3. The class was certified by the US Court, and 9,539 Filipinos qualified as class members.

4. Following a hotly contested jury trial, a final judgment was entered for the class in February 1995 for almost US$2 billion. The final judgment was affirmed on appeal. To date, relatively little has been collected on it.

5. While the case was pending pretrial, the class in November 1991 obtained a preliminary injunction prohibiting the estate and its representatives from transferring, concealing, conveying, or dissipating the assets of the estate.

6. The final judgment made the preliminary injunction permanent.


7. In January 1995, the class filed a motion to hold the estate and its representatives in contempt for violating the injunction.

8. The motion was based on revelations that the Marcoses and the Philippine government had entered into agreements in 1992 and 1993 dividing the estate’s assets between them.

9. Imelda and Ferdinand R. Marcos Jr. refused the class’ requests for their depositions and for production of documents regarding the agreements with the Republic.

10. After four court hearings, the Court found the Marcoses in contempt of Court and issued a coercive fine, payable to the class, of $100,000/day until they purged their contempt.

11. The Marcoses refused to purge their contempt, and, in fact, continued to violate the injunction.

12. Among other violations, the Marcoses in 1997-1998 actively tried to obtain for themselves the funds at Merrill Lynch in the name of Arelma, a Panamanian corporation. Through Jose Campos, dictator Ferdinand E. Marcos created Arelma and deposited $2 million into its Merrill Lynch account in New York in 1972. By 2000, the funds totaled more than $35 million.

13. In January 2011, the US Court entered final judgment for the class on the contempt motion in the amount of $353,600,000 against the estate, Imelda Marcos, and Ferdinand R. Marcos Jr. The final judgment was affirmed on appeal.

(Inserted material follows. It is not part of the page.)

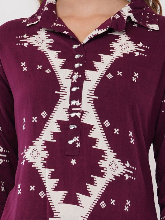 dhartii Summer Garden Abstract Printed Ethnic Tunic With Trouser Co-Ords

14. The judgment proved useful in the artwork litigation in New York involving paintings purchased by Imelda Marcos which were held or sold by Vilma Bautista, Imelda’s personal secretary in New York. The class executed on the paintings and proceeds from their sale, and recovered $23.75 million. But for the contempt judgment, this would not have been possible.

15. Marcos Jr. and Imelda have never disclosed the identity of the estate’s assets which would allow the class to collect on its judgments. Likewise, they have never disclosed their personal assets to allow the class to collect on the contempt judgment.

16. The contempt proceedings in the US demonstrate the unlawful conduct of Marcos Jr. and his disdain for courts and the law. They mirror his unlawful conduct resulting in his conviction for tax fraud in the Philippines.